Magnuson shines in star role
By Grace Abraham and Elise Siebert
Seconds before the curtains opened, his stomach was full of butterflies and his heart was racing. As the show starts, the lights, sound, set, and the whole audience become one.
Senior Zach Magnuson, who played Jim Casy in “The Grapes of Wrath,” is ready to tell the crowd a story.
In the seventh grade, Magnuson had to join either boys basketball or theatre, he chose theatre. It is now his last year in the Jenks drama department, and he played one of the lead roles in its most recent performance.
“It was a way to become a different person and to see how other people think and how they feel and how experiences drive us,” Magnuson said when speaking about drama. “It was a concept I really fell in love with.”

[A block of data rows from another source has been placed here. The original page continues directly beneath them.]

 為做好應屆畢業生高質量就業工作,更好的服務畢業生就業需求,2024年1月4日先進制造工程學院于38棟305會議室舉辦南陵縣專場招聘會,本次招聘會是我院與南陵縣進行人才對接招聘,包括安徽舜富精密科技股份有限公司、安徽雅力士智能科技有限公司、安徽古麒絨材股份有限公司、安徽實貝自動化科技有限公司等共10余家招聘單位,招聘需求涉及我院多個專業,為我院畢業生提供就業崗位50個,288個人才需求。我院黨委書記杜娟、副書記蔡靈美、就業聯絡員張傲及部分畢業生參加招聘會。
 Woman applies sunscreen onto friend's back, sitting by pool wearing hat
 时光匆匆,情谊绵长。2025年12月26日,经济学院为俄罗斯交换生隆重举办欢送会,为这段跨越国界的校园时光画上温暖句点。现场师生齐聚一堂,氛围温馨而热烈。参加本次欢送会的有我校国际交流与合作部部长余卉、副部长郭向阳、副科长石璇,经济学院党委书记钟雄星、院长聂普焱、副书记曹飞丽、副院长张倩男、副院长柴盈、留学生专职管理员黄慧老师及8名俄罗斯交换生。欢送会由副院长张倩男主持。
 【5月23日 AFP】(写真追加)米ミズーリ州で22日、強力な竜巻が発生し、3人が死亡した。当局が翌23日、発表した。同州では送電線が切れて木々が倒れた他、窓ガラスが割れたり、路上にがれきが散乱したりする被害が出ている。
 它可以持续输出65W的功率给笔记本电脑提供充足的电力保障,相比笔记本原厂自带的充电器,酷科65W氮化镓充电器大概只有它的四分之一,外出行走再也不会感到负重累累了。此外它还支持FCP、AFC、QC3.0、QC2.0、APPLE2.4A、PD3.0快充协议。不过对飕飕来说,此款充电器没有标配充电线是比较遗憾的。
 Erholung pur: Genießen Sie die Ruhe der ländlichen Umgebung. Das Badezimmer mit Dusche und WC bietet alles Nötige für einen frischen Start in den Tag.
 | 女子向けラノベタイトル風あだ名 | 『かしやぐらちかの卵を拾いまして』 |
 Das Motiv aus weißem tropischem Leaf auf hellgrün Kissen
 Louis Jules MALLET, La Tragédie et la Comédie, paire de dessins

For the first show of the year, Magnuson easily related to the character Jim Casy because they are both deep thinkers. Throughout the rehearsals, he had to find ways to take himself out of the character to result in a better performance. During this time, there are a lot of steps that have to come together to create the best show.
“I have to figure out how does he walk differently, how do I show his age?” Magnuson asked himself. “It was just really hard to play things similar to me but not let it be the me that I know I am.”

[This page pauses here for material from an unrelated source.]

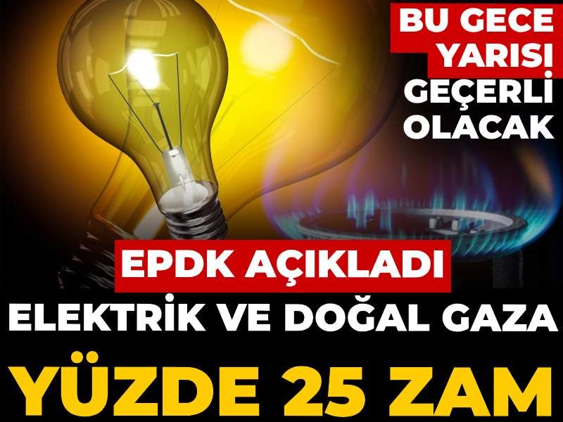 EPDK, elektrik ve doğal gaza bu gece yarısından itibaren geçerli olmak üzere yüzde 25 zam geldiğini açıkladı.
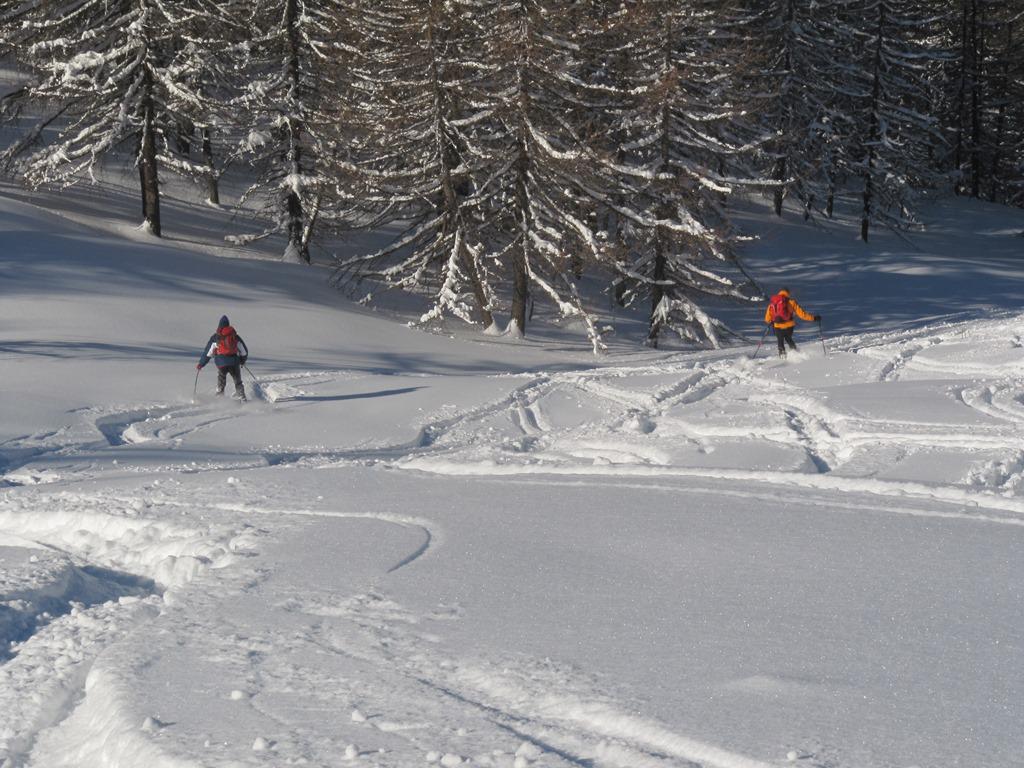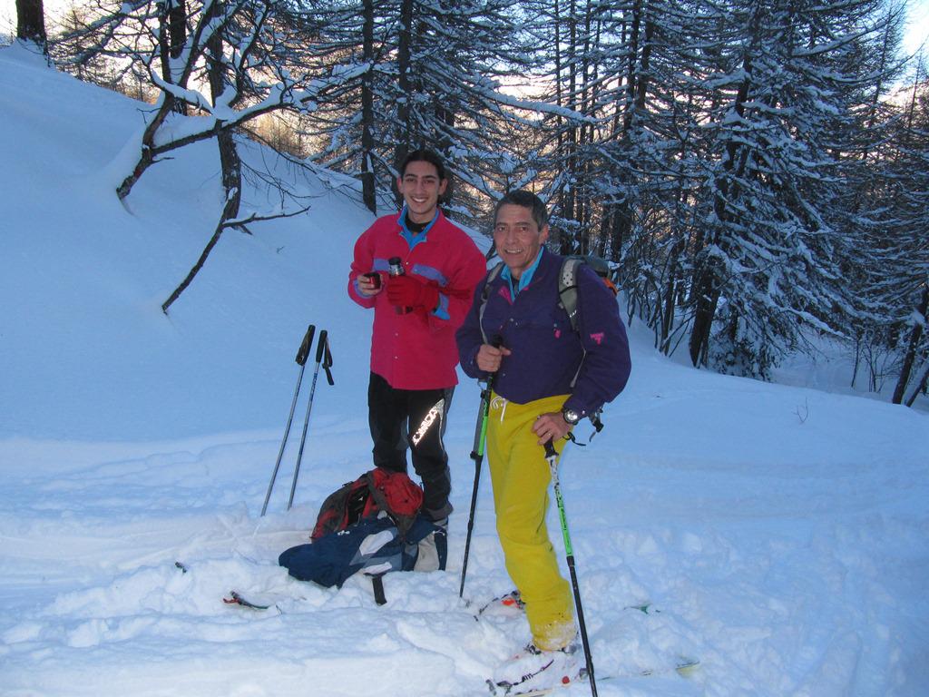 Fresche nevicate (FINALMENTE!!), che causano rischio 4 in val Susa e su tutte le Cozie e Marittime, ci inducono a una gita tranquilla che si rivela da 4*. Neve polverosa e sole (in vetta). Saliti lungo una traccia che Giacomo segue fedelmente nella 2a metà facendoci venire il fiatone. Discesa inaspettatamente scorrevole e piacevole nella farina totale.

Even as an experienced actor, Magnuson still gets nervous before every performance, but as soon as he steps out onto the stage and looks into the audience, he feels all his nerves go away and is ready to play the part.
“Everything starts with the script but it goes beyond that,” Magnuson said. “One of the major themes of The Grapes of Wrath is what makes a family, and how does that correlate to us being humans.”

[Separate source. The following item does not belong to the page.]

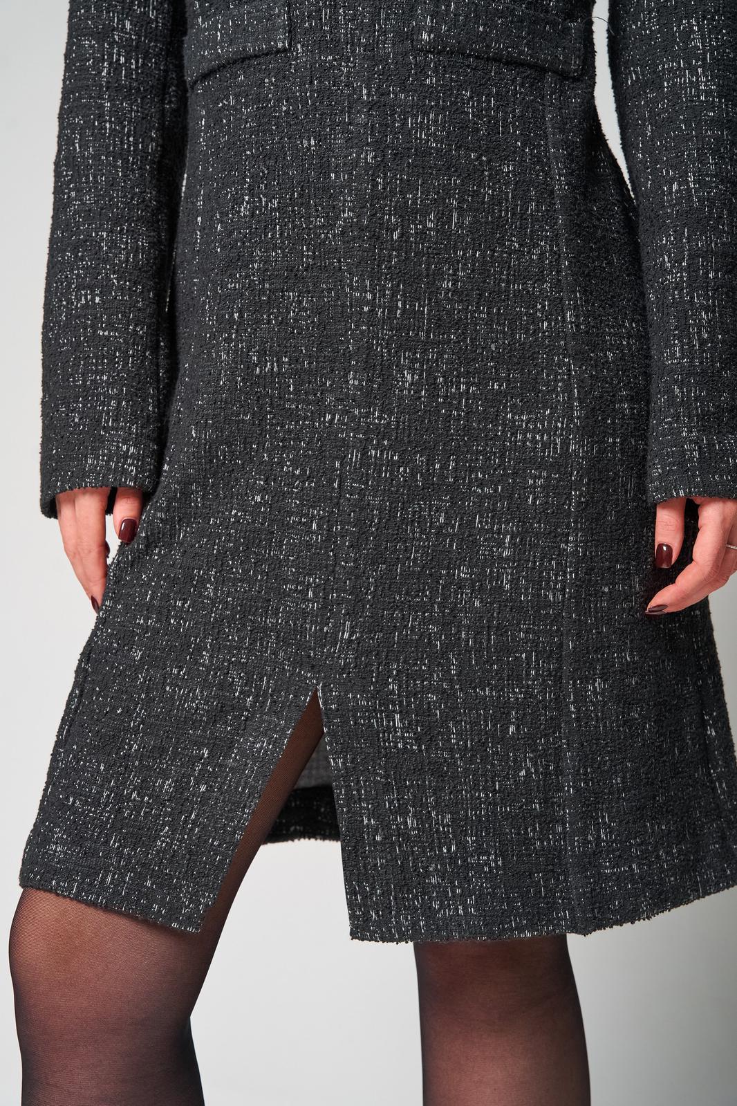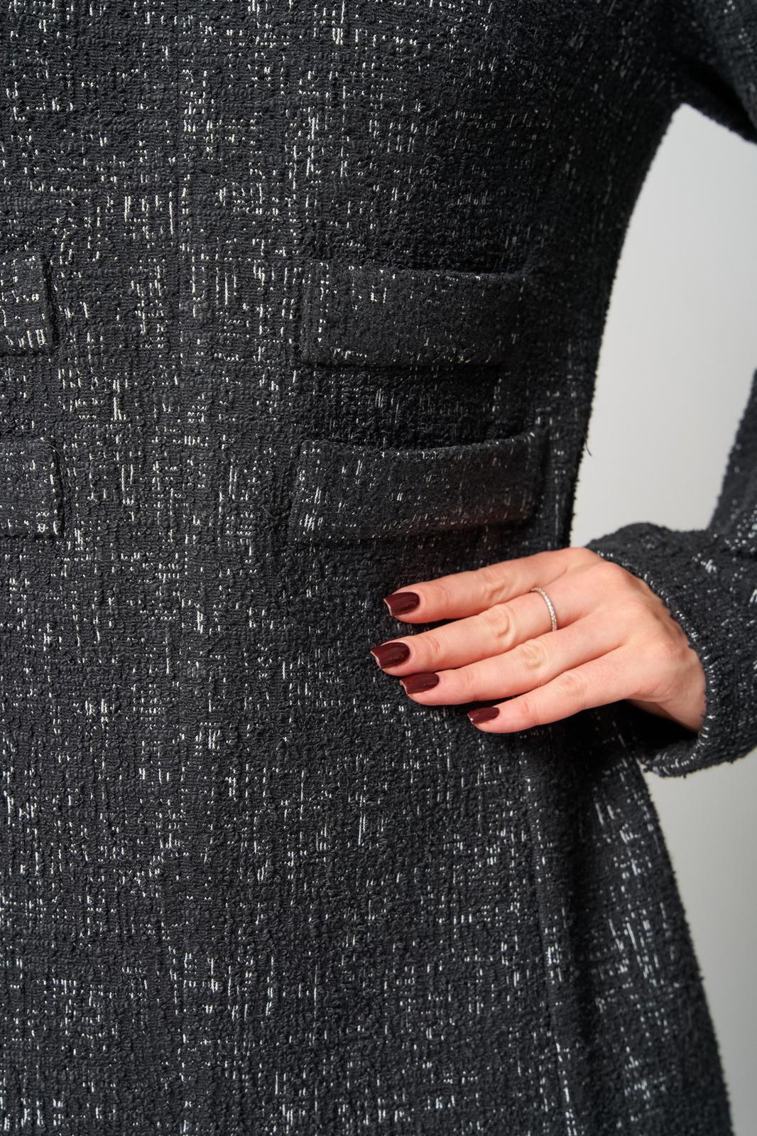 Детали переда платья с рельефными швами, исходящими от пройм до низа, со средним швом, который заканчивается разрезом V-образной формы сверху. На уровне линии талии настрочены по 2 листочки с каждой стороны. Спинка платья со средним швом. Рукава втачные двухшовные длинные.

Although Magnuson had many successful years in high school drama, his plan for being involved in theatre in the future is still up in the air.
“I know I am going into the medical field but I started theatre for a reason,” Magnuson said. “Theatre has shown me a lot about how to be a person and what it is that makes us different people.”
Magnuson had played different people from all walks of life, from a rich person living in eastern London, to a poor person who couldn’t afford to pay rent. Because of these roles, he has learned to see people from a different perspective, and that is a lesson that will never leave him.
“Theatre is not a sport, but it is a competition. It is competitive, and it is hard, and it is exhausting,” Magnuson said. “But like any sport you're gonna play, if you think there's something there, do it. If you think theatre is right for you, then it probably is.”